Research article: How doctors view their health and professional practice: An appraisal analysis of medical discourse (Susana Gallardo a, Laura Ferrari, 2010) Purpose:
to explore how Latin American doctors view their health and the professional practice in relation with their health to determine how much Latin American doctors are aware of their problems and of the causes of those problems

Main Findings
Latin American doctors were very much aware of the problems and risks involved in practicing their profession but their attitudes differ, ranging from more subjective reactions of affect to more objective positions where there is clear moral condemnation of the health systems and the working environment.

The different systems of attitude on a scale of subjectivity


Affect (most subjective)

Judgment

Appreciation (least subjective)

in all three systems negative values predominated. Only rarely did the doctors express happiness and satisfaction with the profession.
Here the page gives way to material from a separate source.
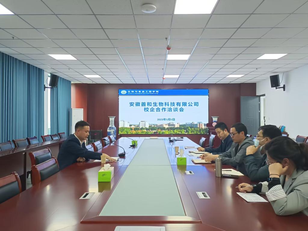朱进经理对宿州学院给予的热情接待表示感谢,并对学院在生物与食品工程领域的学术研究和人才培养给予了高度评价。他介绍了安徽善和生物科技有限公司在生物科技领域的发展情况和未来的发展规划,并表示希望能与宿州学院建立长期稳定的合作关系,共同开展科研项目、人才培养等方面的合作。会议期间,双方就博士生的培养计划、合作研究项目的选题以及资源共享等具体问题进行了深入讨论。双方一致认为,通过校企合作,能够充分发挥各自的优势,推动科技创新与产业发展的有机结合。双方就进一步明确合作的具体内容和步骤达成了初步共识,并商定将在接下来的几个月内就具体合作方案进行进一步商讨。
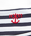 New season, new sailor-stripe top. The cut-outs on the front wake up the graphic style and the red embroidery confirms the seaside look.

Doctors made negative judgment of social esteem towards
neglect of their own health, social sanction in condemning, from an ethical point of view, the health care system, in general, and senior colleagues, in particular

From the point of view of engagement


When doctors regarded their work as hard and distressful, they showed a tendency to present the propositions as unproblematic But when they referred to the causes of doctors illness (which implied judgments of social esteem about themselves and their colleagues) they tended to acknowledge alternative positions

When doctors referred to the risks of their profession, they showed an assumption of solidarity at work, and the colleague reader was construed as standing with the addresser. But when the causes of the problem were at stake, and social esteem was involved, addressers, assuming the existence of alternative positions, seemed to try to persuade their audiences to promote a change inthe situation.